Stored entries:
* * *
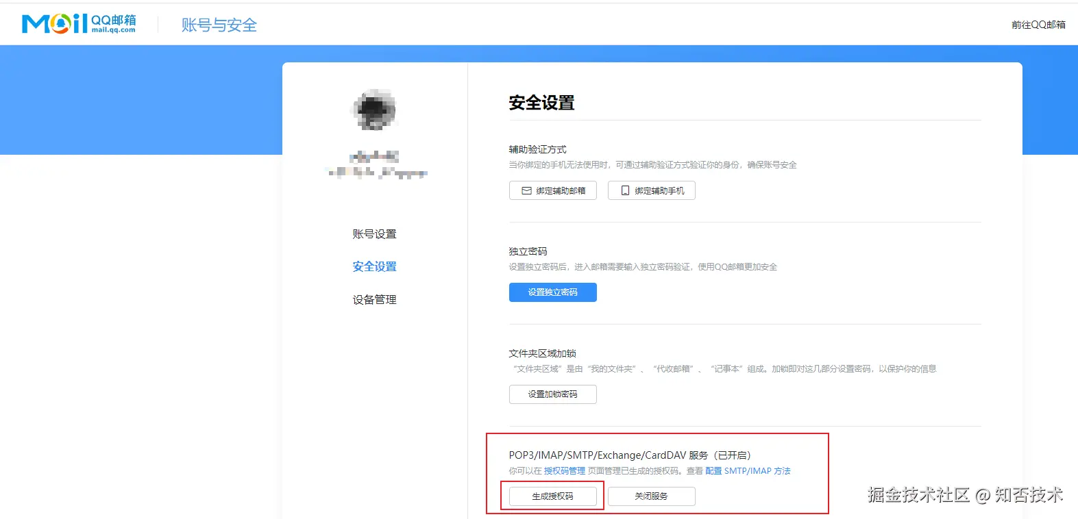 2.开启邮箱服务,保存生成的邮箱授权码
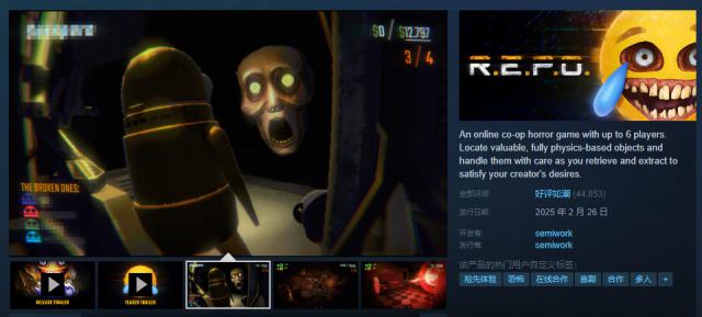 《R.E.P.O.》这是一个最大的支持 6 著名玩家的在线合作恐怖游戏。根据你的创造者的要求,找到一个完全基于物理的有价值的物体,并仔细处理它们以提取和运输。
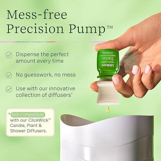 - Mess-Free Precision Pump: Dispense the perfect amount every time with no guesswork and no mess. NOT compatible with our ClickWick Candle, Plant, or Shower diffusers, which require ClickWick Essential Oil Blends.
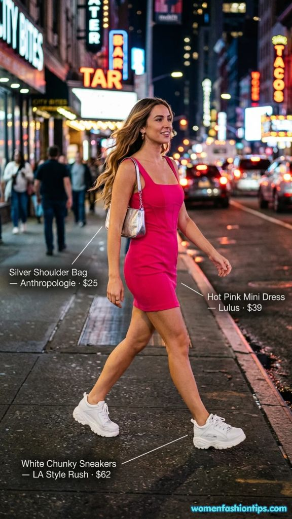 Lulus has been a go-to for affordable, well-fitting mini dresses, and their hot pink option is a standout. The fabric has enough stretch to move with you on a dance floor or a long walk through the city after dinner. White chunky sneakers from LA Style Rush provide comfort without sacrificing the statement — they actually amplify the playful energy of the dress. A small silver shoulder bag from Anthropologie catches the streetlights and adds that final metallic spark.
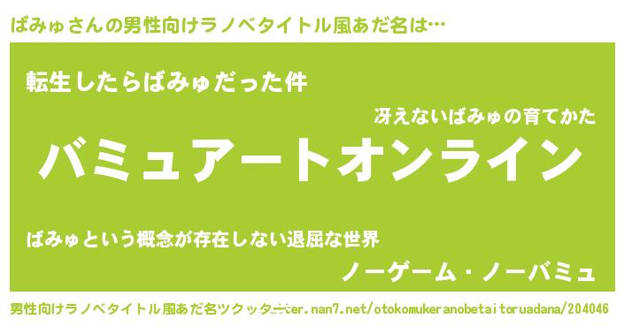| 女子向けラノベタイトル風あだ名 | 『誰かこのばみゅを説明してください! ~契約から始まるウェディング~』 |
* * *
## Aim of the task
Print the data above exactly, from its first line to the line bearing "- Mess-Free Precision" inclusive, and keep pictures out of the result.

## Answer box
 2.开启邮箱服务,保存生成的邮箱授权码
 《R.E.P.O.》这是一个最大的支持 6 著名玩家的在线合作恐怖游戏。根据你的创造者的要求,找到一个完全基于物理的有价值的物体,并仔细处理它们以提取和运输。
 - Mess-Free Precision Pump: Dispense the perfect amount every time with no guesswork and no mess. NOT compatible with our ClickWick Candle, Plant, or Shower diffusers, which require ClickWick Essential Oil Blends.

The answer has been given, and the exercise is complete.